W Stanach Zjednoczonych ukazały się wiersze zebrane Zbigniewa Herberta. 600-stronicowy tom "The Collected Poems 1956-1998" sprzedał się w nakładzie 15 tys. egzemplarzy i zbiera znakomite recenzje. "Gazeta Wyborcza" cytuje m.in. Charlesa Simica z "The New York Review of Books": "Choć Herbert nie zdążył otrzymać Nobla jak Miłosz czy Szymborska, z pewnością zasługuje na to, aby być w ich towarzystwie. Z tej trójcy jest poetą najbardziej oryginalnym i obdarzonym największym poczuciem humoru".
W Papieskim Instytucie Biblijnym w Rzymie odbyła się prezentacja książki "Ewangelia według Judasza", której autorzy - poczytny pisarz Jeffrey Archer i biblista prof. F. Moloney - próbują przedstawić historię Jezusa z punktu widzenia Judasza. Książka trafi do księgarń 14 krajów, w Polsce wydał ją Rebis.

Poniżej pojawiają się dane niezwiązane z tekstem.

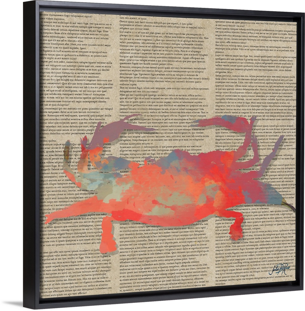 <p>Painting of a red abstract crab on vintage newspaper.</p>

Nagrodę im. Karla Dedeciusa, przyznawaną po raz trzeci przez Fundację Roberta Boscha dla polskich tłumaczy literatury niemieckojęzycznej i niemieckich tłumaczy literatury polskiej, otrzymają w roku 2007 Tadeusz Zatorski i Martin Pollack. Tadeusz Zatorski jest autorem przekładów dzieł m.in. Heinricha Heinego, Heinricha Bölla, Maxa Webera oraz myśli i aforyzmów Georga Christopha Lichtenberga. Martin Pollack ma w swoim translatorskim dorobku książki Ryszarda Kapuścińskiego, Henryka Grynberga, Wilhelma Dichtera i Michała Głowińskiego.
Tymczasowym dyrektorem Muzeum Sztuki Nowoczesnej w Warszawie została Elżbieta Ofat, dotychczas odpowiedzialna za sprawy administracyjne i operacyjne placówki.
Obraz tygodnia
W wieku 90 lat w Warszawie zmarł ksiądz Jan Twardowski, poeta. Autorowi słynnej frazy "Śpieszmy się kochać ludzi, tak szybko odchodzą", naszemu dawnemu współpracownikowi, poświęcamy w tym numerze "Tygodnika" specjalny dodatek.
"Jesteśmy spadkobiercami pradawnej wiedzy, którą przekazywano przez wieki... Wiele słów, których używamy automatycznie, jest w rzeczywistości jej żywym świadectwem. Ponieważ zapomnieliśmy, jakie jest prawdziwe znaczenie powszechnie używanych słów, takich jak »katolik« czy »uniwersytet« - słów, które mogłyby skierować nas w stronę jednego, w stronę uniwersalnego i niepowtarzalnego - musimy wynajdować nowe słowa, na przykład »holistyczny« (wywiedzione z greckiego »holos«, które oznacza całość albo całkowitość), aby przypominały nam o niebezpieczeństwie fragmentaryzacji i rozproszenia wiedzy. Coraz mocniej odczuwa się w świecie potrzebę, aby te dwa światy - świat nauki i świat religii - zeszły się z sobą, zdając sobie zarazem sprawę, że w obydwu patrzy się na życie z odmiennych punktów widzenia. Jeden świat, oparty na niezwykłym pomnażaniu wiedzy związanej wyłącznie z aktywnością umysłu czy też mózgu, wydaje się prowadzić nas do coraz większej złożoności i wyprowadzać nas na zewnątrz, przede wszystkim na zewnątrz nas samych. Drugi świat i jego wiedza wydają się odnosić do »bycia«, do czegoś, co prowadzi nas ku wnętrzu i tam odsłania tajemnicę" - tłumaczył Michel de Salzman, uczeń Georgija Iwanowicza Gurdżijewa (1877-1949).